I agree, it's going to take a looong time. A lot of FBs refinanced and cashed out, or took out HELOCs for emergencies. We have just entered the "emergency" period of negative cash flows on "investment" properties and people are still hoping that the market will shoot right back up to save them.

I don't expect a real estate panic until 3 years from now, when the FBs have no more emergency funds to carry them over. At that time, debts would have skyrocketed leaving borrowers no way to service those debts.

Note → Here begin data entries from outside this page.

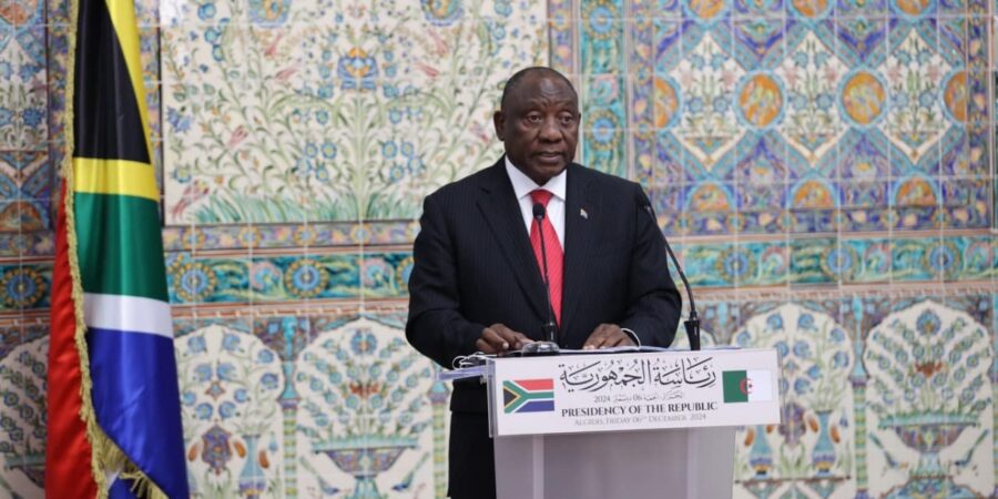 وفي تصريح صحفي مشترك مع رئيس الجمهورية، السيد عبد المجيد تبون، عقب المحادثات التي جمعتهما بمقر رئاسة الجمهورية، قال الرئيس سيريل رامافوزا: “لدينا إيمان عميق بأن التعاون بين جنوب إفريقيا والجزائر سيعزز التعاون الإفريقي، وأوضح بهذا الخصوص قائلا: “نحن سعداء جدا بهذا التعاون بين بلدينا ونسعى لرفع المستوى التجاري الذي سيتعزز بإطلاق منطقه التبادل الحر والتجارة بين البلدين”، مشيرا إلى أن شعب جنوب إفريقيا يشكر الجزائر على وقوفها معه في كفاحه واحتضانها للزعيم نيلسون مانديلا، وأعرب في هذا السياق عن أمله في تعزيز العلاقات التاريخية بين البلدين معبرا عن شكره لرئيس الجمهورية وللجزائر على حفاوة الاستقبال الذي خص به. وعلى الصعيد الدولي، سجل رئيس جمهورية جنوب إفريقيا عدم احترام للقانون الدولي، حيث ذكر في هذا السياق بالدعوى التي رفعتها بلاده ضد الكيان الصهيوني وجرائم الحرب التي يرتكبها في غزة، مؤكدا أنه تلقى دعما كبيرا من عديد. وخلص إلى القول: “نطالب باحترام القانون الدولي في فلسطين ونحن متضامنون مع كل الشعوب المظلومة”.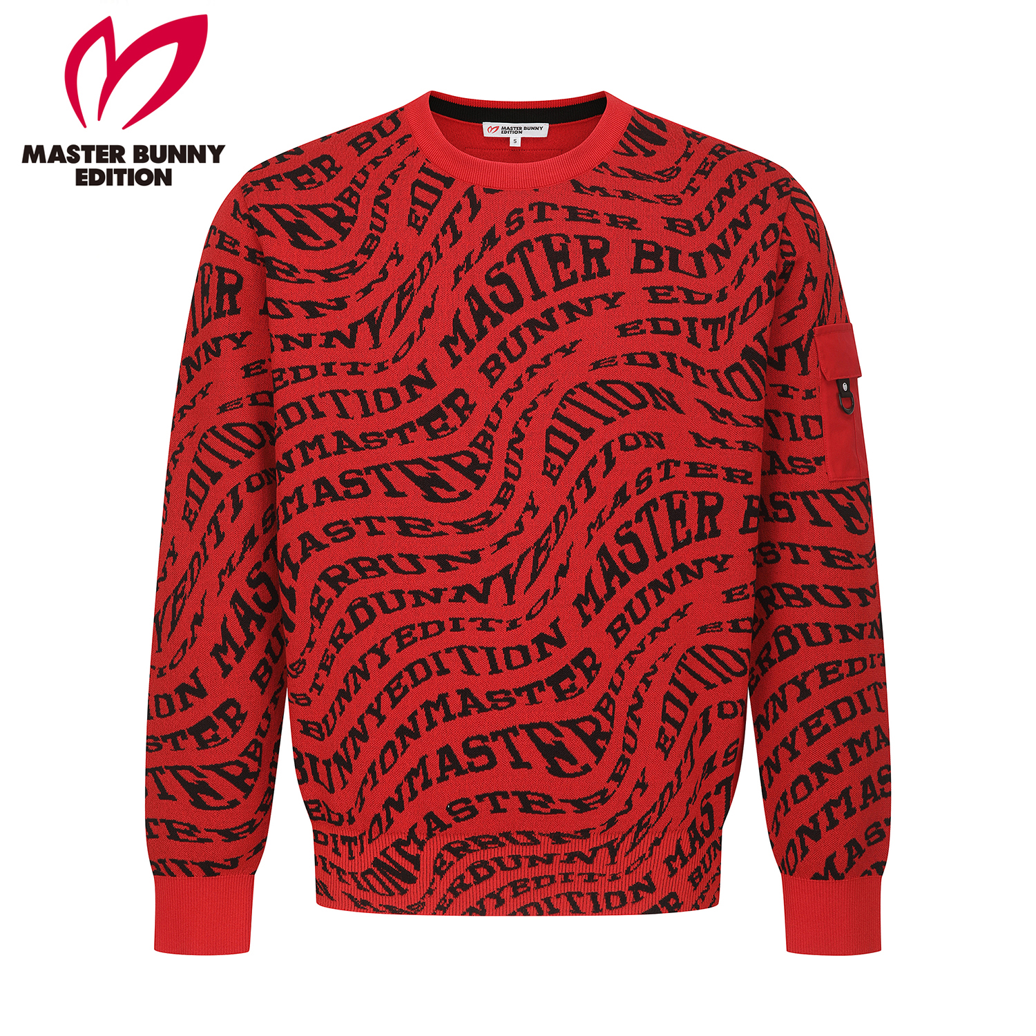남성 웨이브 레터링 자카드 라운드넥 니트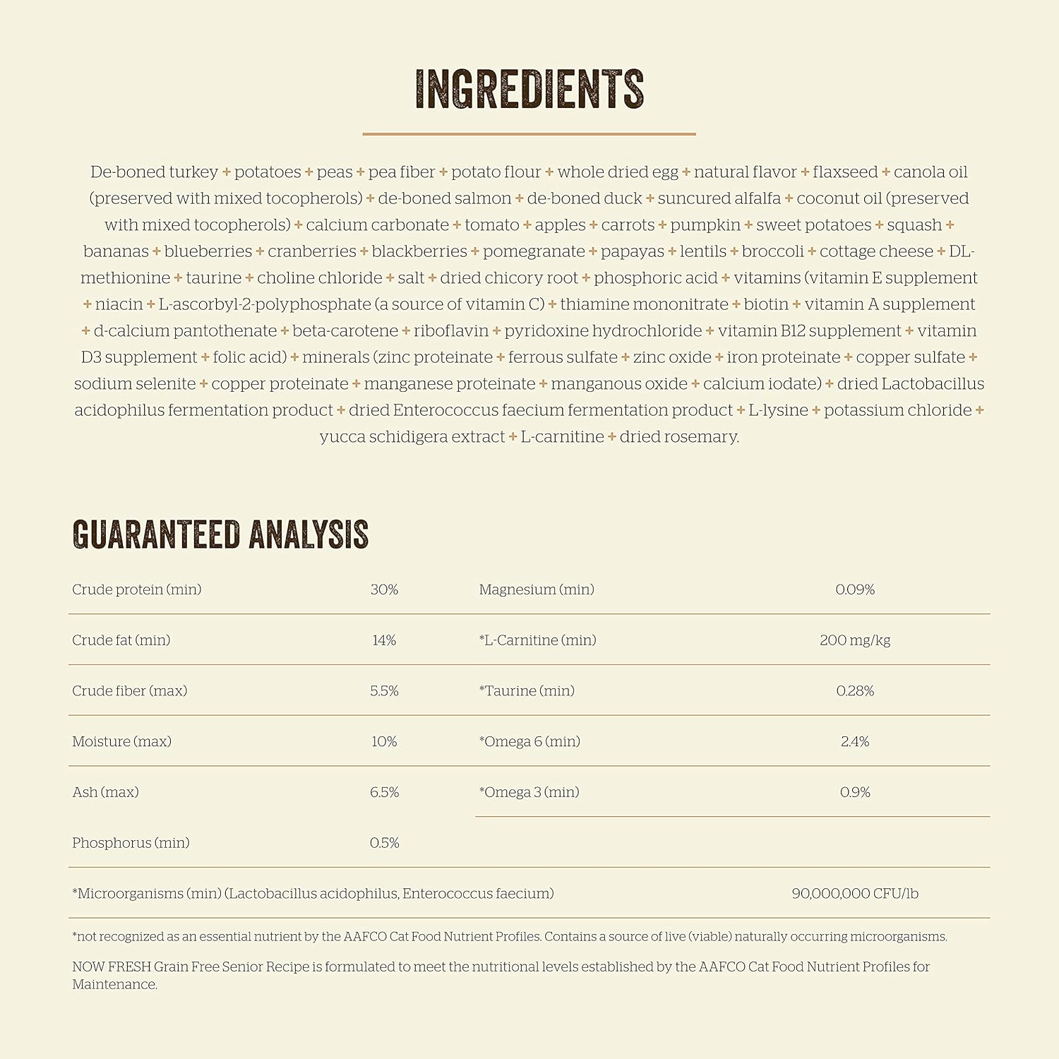 Now Fresh Grain-Free, Dry Cat Food, Turkey, Salmon and Duck Kibble, Real Meat and Fish Senior Recipe, 3 lb Bag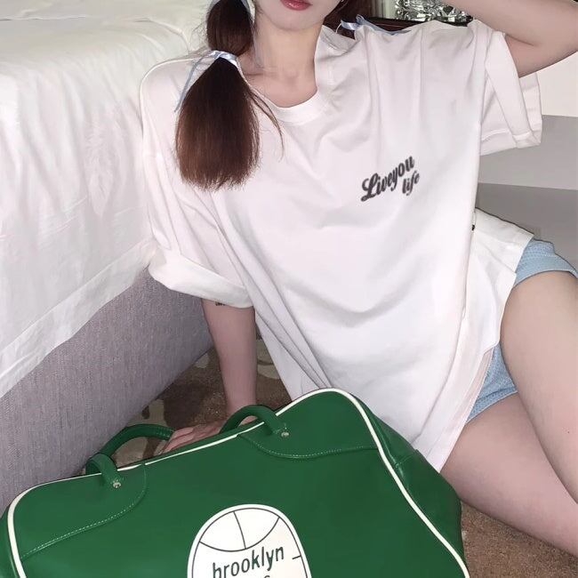 グラフィック Tシャツ レディース 韓国 ストリート バックロゴ ビッグシルエット T 夏トップス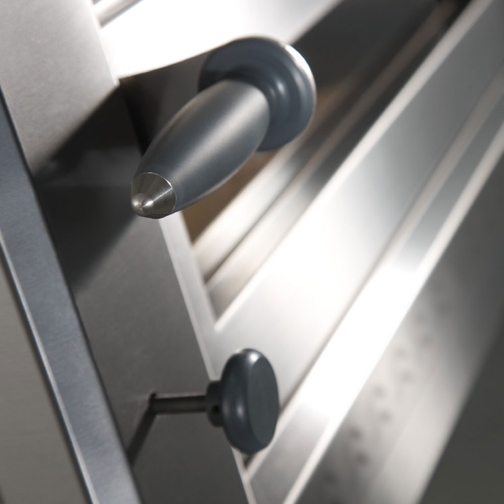 - Voorkant in R.V.S., "decoratieve verwijderbare dampkap" en "onafhankelijk en ergonomisch" bedieningspaneel in geverfd staal.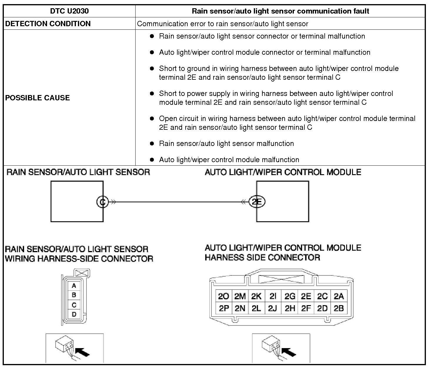 DTC U2030 [AUTO LIGHT / WIPER CONTROL MODULE]

Here's a scenario I envisage. BF his bought house in 2004 for $600k. Refinanced at $800k and cashed out $200k in 2006. He can't really afford the $800k note (much less the original $600k loan) so he's using part of his $200k cash horde out to service the debt. He still thinks that in a few years his out will be worth $1.2M, so of course he went out and bought a big SUV.

A few years go by and his cash is running low... but houses in his neighborhood are now only worth $400k. His debt is still $800k and he can't make the monthly payments. His wife and kids are used to having everything. He's now worried about paying for the college education of his oldest son who is also clamoring for a new car, preferably a BMW. What is he to do? He's an FB out options.

Some people might be able to pull themselves out of this quandary. But throw in a few real family emergencies such as medical expenses, unemployment, divorce (ie, the vagaries of life) and you have a nasty mess.

Submitted by CONCHO on December 28, 2006 - 12:07pm.

I think Perry is right, there are probably a lot of these people out there. That negative appreciation is the real killer -- if homes are only going down 2% a year, you're losing $10K/year on your $500K home. Even if we had rent/payment parity for the same property (which we don't), that small negative appreciation throws the renter's side of the equation waaaaaay ahead. I have been dinged before on this forum for saying that you shouldn't buy unless it's cheaper than renting (using 20% down, fixed 30 year loan), but I believe that those days will return. It may be 2010 or even later, but we'll get there eventually.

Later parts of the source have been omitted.